Her neyse burada THY’nin hizmet kalitesinden bahsetmek istemiyorum. Daha ziyade söz edeceğim şey son dönemde THY’nin bazı havalimanlarına yerleştirdiğini yeni bir cihaz. O da kendi kendine check-in yapma kiosku. Check-in kontuarlarının yanında duran ATM görünüşlü bir cihaz vasıtasıyla kendi kendinize check in yapabilir, boarding pass kartlarınızı alıp direkt uçağın kalkacağı kapıya gidebilirsiniz.
Her ne hikmetse en yoğun saatlerde bile bu cihazların başında kimse yok. Özellikle yoğun saatlerde bagajsız yolcuların check in yaptığı kontuarlarda bile uzun kuyruk varken bu cihazların kullanılmıyor olması bende yine doğal olarak bilgi toplumu olgusunu ne kadar algılamışız türünden sorularını uyandırıyor.
Biraz da cihaz benzerliğinden olsa gerek, ülkemizde ATM kullanımının başladığı yılları anımsıyorum. 80li yılların ikinci yarısı. Bugün ATM kullanan nüfusun büyük bir kısmı o yıllarda ve sonrasında 90lı yıllarda ATM’den uzak durdu. Öyle ki bankalar şubeden içeri girip para çekmek isteyen müşterilerini hemen kapının dibindeki ATM’ye yönlendirmeleri için şube personelini yoğun eğitimden geçirdiler. Sonuç : Sıfır.
Ta ki bankalar, firmalarla maaş ödeme anlaşmaları imzalayana dek. Bu tür anlaşma imzalayan firmalara, bankalar ATM kartı verdi ve maaşları da hesaba yattı. Maaşı bankaya yatan kişiler de ATM kartını kullanmaya mecbur kaldı. Çünkü parayı çekmek için ertesi gün şubenin açılmasını bile bekleyememe durumu pek çok kişi için geçerliydi.
Bir başka deyişle zorunluluk öğrenmeyi beraberinde getirdi. Buradan bir genelleme yapılabilir mi ya da yapılırsa ne kadar doğru olur bilmiyorum ama bilgi toplumuna geçme sürecinde elektronik imkanlardan istifade etme zorunlu bir hal almadıkça kimse tarafından dikkate alınacağa benzemiyor.
Hele bir de süreçleri daha iyi hale getirerek elektronikleştirmezsek. Mesela yukarıdaki THY örneğinde, internetten check in yapmanın havalimanında aynı işlemi yapmaya göre bir katma değeri var. O da oturacağınız koltuğu sizin seçiyor olmanız. Havalimanında ise ne çıkarsa bahtınıza. Yani sürecin elektronik halinde bir iyileştirme, cazibiyet merkezi olma durumu söz konusu.

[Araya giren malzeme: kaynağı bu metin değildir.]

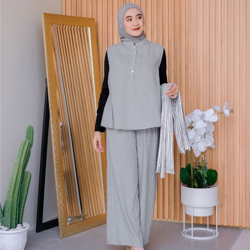 ( RAMADHAN SALE ) Ventedaily - Afrina One Set Wanita Setelan Ootd Atasan Inner Outer Celana Kulot Busui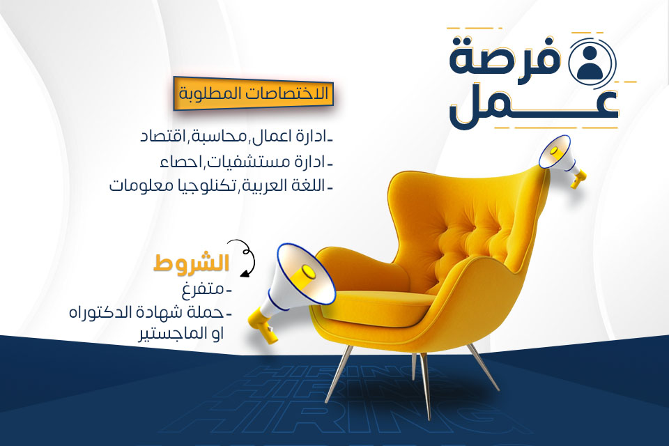 تعلن جامعة وارث الانبياء(عليه السلام) /كلية الإدارة والإقتصاد ، عن حاجتها إلى كوادر تخصصية من (غير المتعينين على ملاك حكومي أو أهلي)، ممن يحملون شهادة الدكتوراه، او الماجستير في التخصصات الآتية:

Peki şu örneğe ne demeli? Her velinin başından geçen olay bu sene de bizim başımızdan geçti ve lise giriş sınav sonuçlarını bakanlığın web sitesinden öğrenmeye çalıştık. Yavaşlık vs olağan ama şu sonuç çok şaşırtıcı geldi bana. Gerekli bilgileri girip de sonucu ekranda görünce açıklama şöyle bir şeydi : 34400 numaralı okulu kazanmıştır.
Peki 34400 numaralı okul hangisidir? E kardeşim onu da lütfen kılavuzu aç bak. Peki kılavuz yanımda değil, siz lütfedip web sitenizde görünen bir yere koyamadınız mı? Çıt yok!
Bir saat internette özel okul kodlarını aradım ve özel bir dersanenin sitesinde, bakanlığın bir kaç saat önce yapmış olduğu yazılı açıklamanın taranarak siteye konmuş halini buldum. Bakanlığın kendi sitesinde yer almayan.
Aynı gün ya da bir iki gün sonrasına bilet aldıysanız, bilet üzerindeki bir iki bilgiyi girerek, check-in ekranına erişip, internet üzerinden oturmak istediğiniz koltuğu seçebilirsiniz.
Internet üzerinden check-in yapmanın sağladığı bir diğer kolaylık da havaalanına gittiğinizde ayrı bir kontuardan işleminizi tamamlayabilmeniz. Böylece özellikle yoğun saatlerde uçacaksanız, kuyruk bekleme süreniz en aza inebilmekte.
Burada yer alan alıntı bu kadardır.